DIRECTIONS =>
Make an exact copy of the listing underneath, skipping each picture.

MATERIAL PROVIDED =>
== == ==

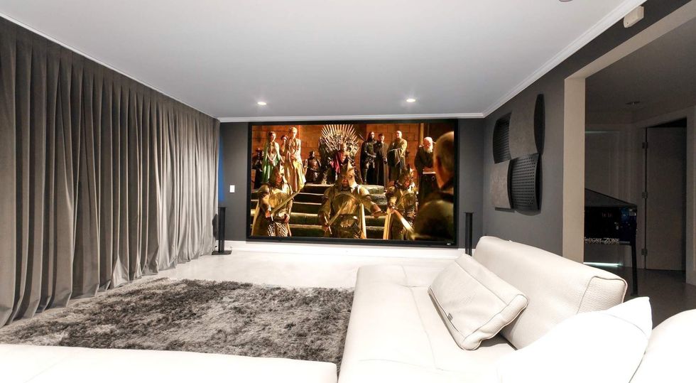 It has a games room, a wet bar for mixing cocktails, a home gym, and a theatre room.
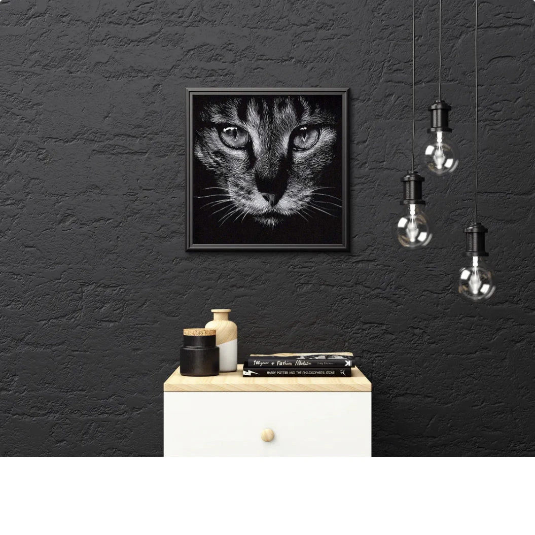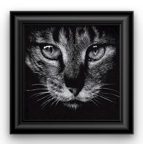 CE CHAT TAPISSÉ DANS L’OMBRE NOUS FIXE D’UN REGARD PERÇANT… CET ANIMAL DE LA FAMILLE DES FÉLINS EST UN REDOUTABLE PRÉDATEUR, MAIS QUI TOUTEFOIS SAIT VIVRE EN COHABITATION AVEC L’HUMAIN. CETTE BRODERIE DIAMANT SOMBRE EST UN ÉLÉMENT DE DÉCORATION UNIQUE ET DESIGN.
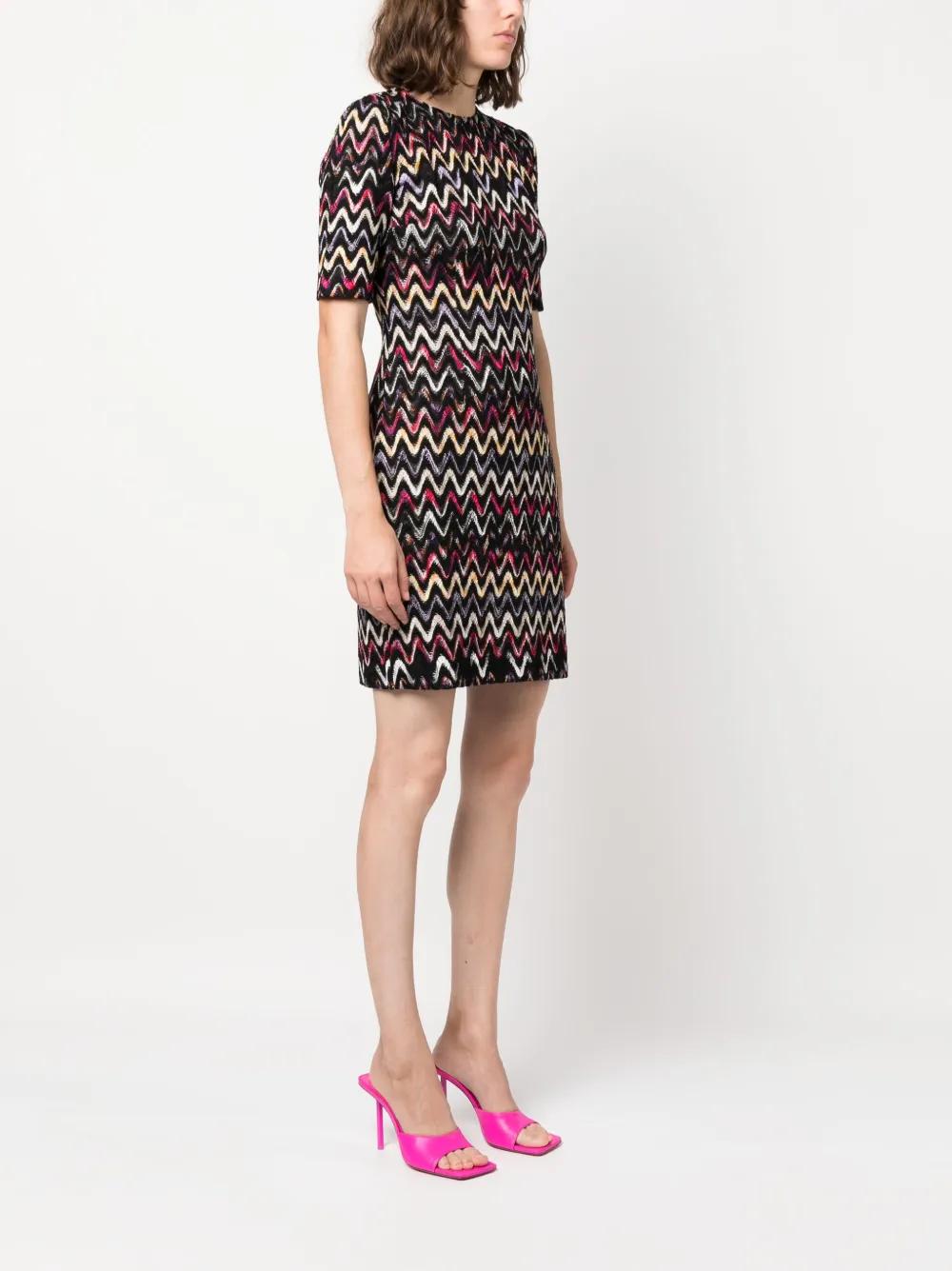 black/multicolour wool blend zigzag embroidery round neck rear zip fastening short sleeves slim cut above-knee length straight hem The item you receive may differ slightly from the item photographed. This is due to the artisanal nature with which all Missoni products are constructed.

== == ==

EXERCISE RESULT =>
 It has a games room, a wet bar for mixing cocktails, a home gym, and a theatre room.
 CE CHAT TAPISSÉ DANS L’OMBRE NOUS FIXE D’UN REGARD PERÇANT… CET ANIMAL DE LA FAMILLE DES FÉLINS EST UN REDOUTABLE PRÉDATEUR, MAIS QUI TOUTEFOIS SAIT VIVRE EN COHABITATION AVEC L’HUMAIN. CETTE BRODERIE DIAMANT SOMBRE EST UN ÉLÉMENT DE DÉCORATION UNIQUE ET DESIGN.
 black/multicolour wool blend zigzag embroidery round neck rear zip fastening short sleeves slim cut above-knee length straight hem The item you receive may differ slightly from the item photographed. This is due to the artisanal nature with which all Missoni products are constructed.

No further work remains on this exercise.